In another large RCT involving individuals with either DCIS or invasive carcinoma undergoing BCS, a total of 293 participants were assigned to receive either SOC (n=150) or SOC plus RFS with the MarginProbe (n=143) (Allweis, 2008). The ability to correctly and intraoperatively identify all of the involved margins on the main specimen and re-excise them was significantly higher in the MarginProbe group than in the SOC group arm, 60% (35/58) vs. 41% (25/61), respectively; p=0.044. Repeat operations were conducted for 17 MarginProbe participants, who had 18 total surgeries. In the SOC group, 23 participants underwent 28 repeat operations. Despite the overall reoperation rate being 32.3% lower in the MarginProbe group (12.6% [18/143]) as compared to the SOC group (18.6% [28/150]), the difference did not achieve statistical significance (p=0.098). When the data was reanalyzed excluding participants who underwent mastectomy, the re-excision rate was significantly lower (56%) in the MarginProbe group (5.6% [8/143]) as compared to the SOC group (12.7% [19/150]); p=0.0027. No difference between groups was reported with regard to the average total tissue volumes excised during the first procedure (p=0.066). A sub-analysis was conducted involving participants with only non-palpable lesions. In this subgroup, the ability to correctly and intraoperatively identify all of the involved margins on the main specimen and re-excise them was significantly higher in the MarginProbe group compared to the SOC group (69% [20/29] vs. 39% [13/33] respectively; p=0.024). Reoperation rates were also significantly lower (53%) in the MarginProbe group compared to the SOC group in this subgroup (p=0.02). A similar significant 52% decrease in re-excision rates is observed when excluding mastectomy procedures. Finally, average tissue volumes excised during the first surgical procedure in the non-palpable lesions subgroup were significantly higher in the MarginProbe group vs. the SOC group (p=0.30).

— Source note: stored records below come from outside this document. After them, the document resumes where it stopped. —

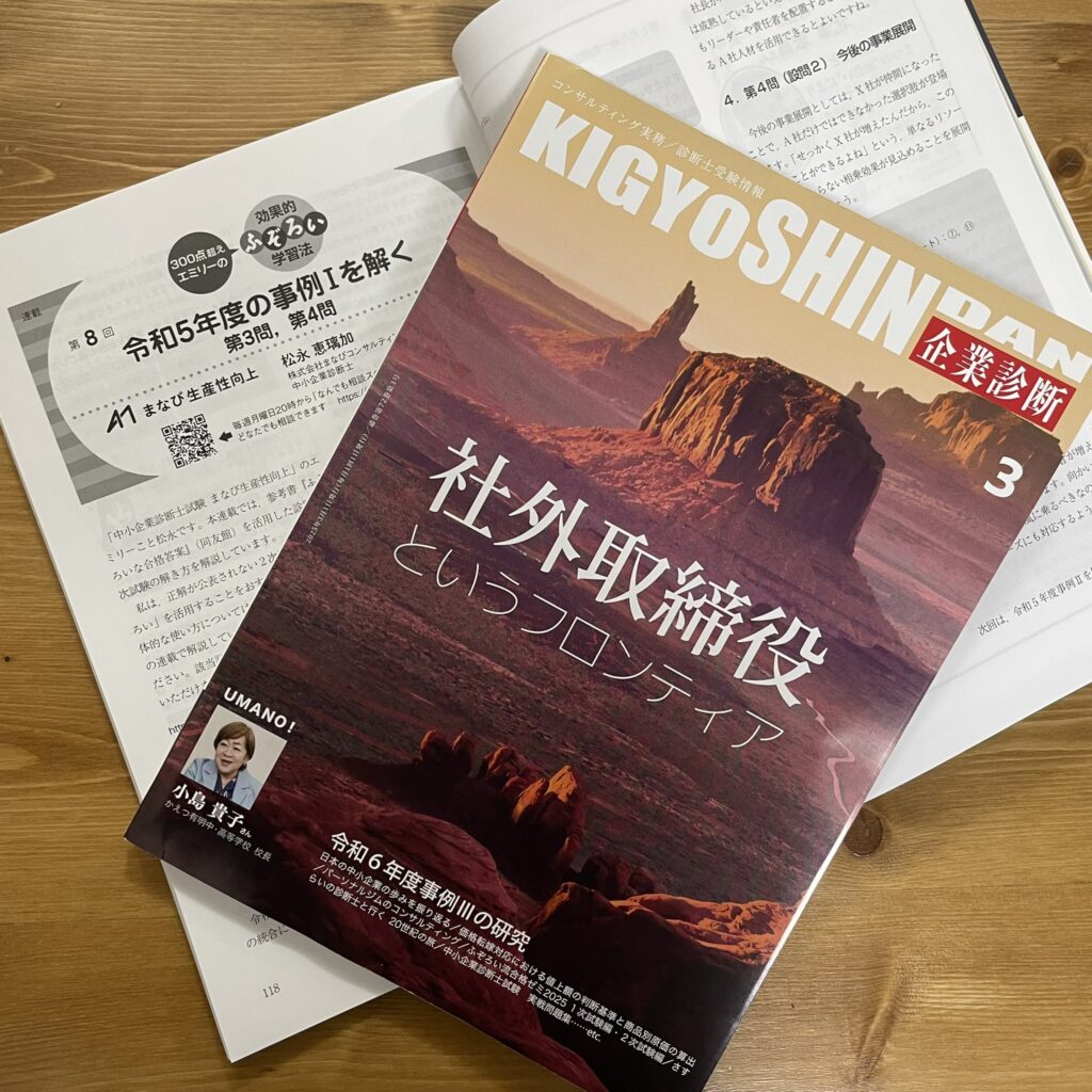 代表松永が、月刊企業診断で連載中の「300点超えエミリーの効果的ふぞろい学習法」にて、「令和5年度事例Ⅰを解く(第3問、第4問)」というテーマで寄稿しました。 お手元のふぞろいな合格答案と併せて、ご活用ください。 https://twitter.com/emily_study_... -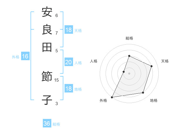 安良田 節子さんの外格は16画の5点!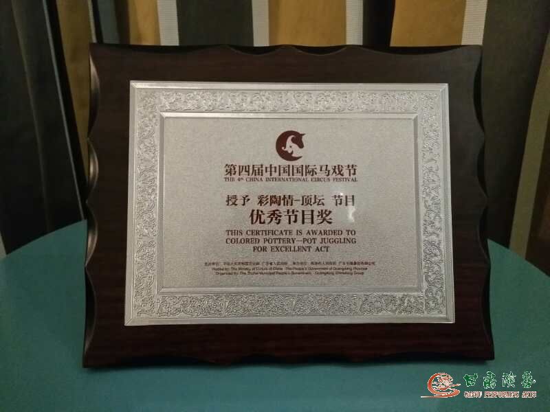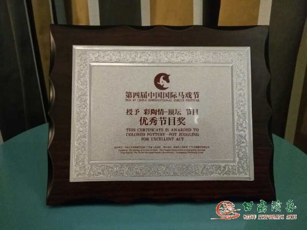 2017年11月22日至25日,甘肅省雜技團情景雜技節(jié)目《彩陶情——頂壇》在珠海參加第四屆中國國際馬戲藝術(shù)節(jié),榮獲“優(yōu)秀節(jié)目獎”。這是西北五省雜技團在“中國國際馬戲藝術(shù)節(jié)”上的首次亮相,并獲得“優(yōu)秀節(jié)目獎”。

Thill and others (2014) reported on the results of a case series of 42 subjects with DCIS undergoing BCS with the MarginProbe device who were compared to historical controls. In comparison with the historical re-excision rate of 39% (26/67), the use of MarginProbe led to a significant 56% reduction in the re-excision rate, down to 17% ([7/42]; p=0.018). In 21% (9/42) of the MarginProbe subjects, use of the device led to a direct conversion to mastectomy due to extensive disease identified, sparing an additional re-excision BCS. The authors concluded that use of the MarginProbe as an adjunctive tool to BCS significantly decreased the re-excision rate.

In 2016, two additional studies were published addressing re-excision rates as a result of the MarginProbe device. Coble and others (2016) studied 137 cases using the MarginProbe vs. 199 cases using full cavity shaves. The authors reported that the re-excision rate was reduced by 57% (p=0.026), from 15.1% to 6.6%. Overall tissue volume removed was also reduced by 32%, from 115 cc to 78 cc (p=0.0023). Blohmer and others (2016) reported on 150 subjects treated with the MarginProbe device vs. a historical group of 172 subjects treated with standard care. The authors reported that application of MarginProbe resulted in an overall decrease in re-excision rates of 14.6%. In a subgroup of subjects with DCIS, the re-excision rate was reduced from 61.7% to 23.1 %. In another subgroup of subjects with invasive lobular carcinoma (ILC), the re-excision rate decreased from 37.0% to 19.0 %. The authors stated that the MarginProbe results were not affected by grading, tumor size, breast density, age, BMI or marker-wire application.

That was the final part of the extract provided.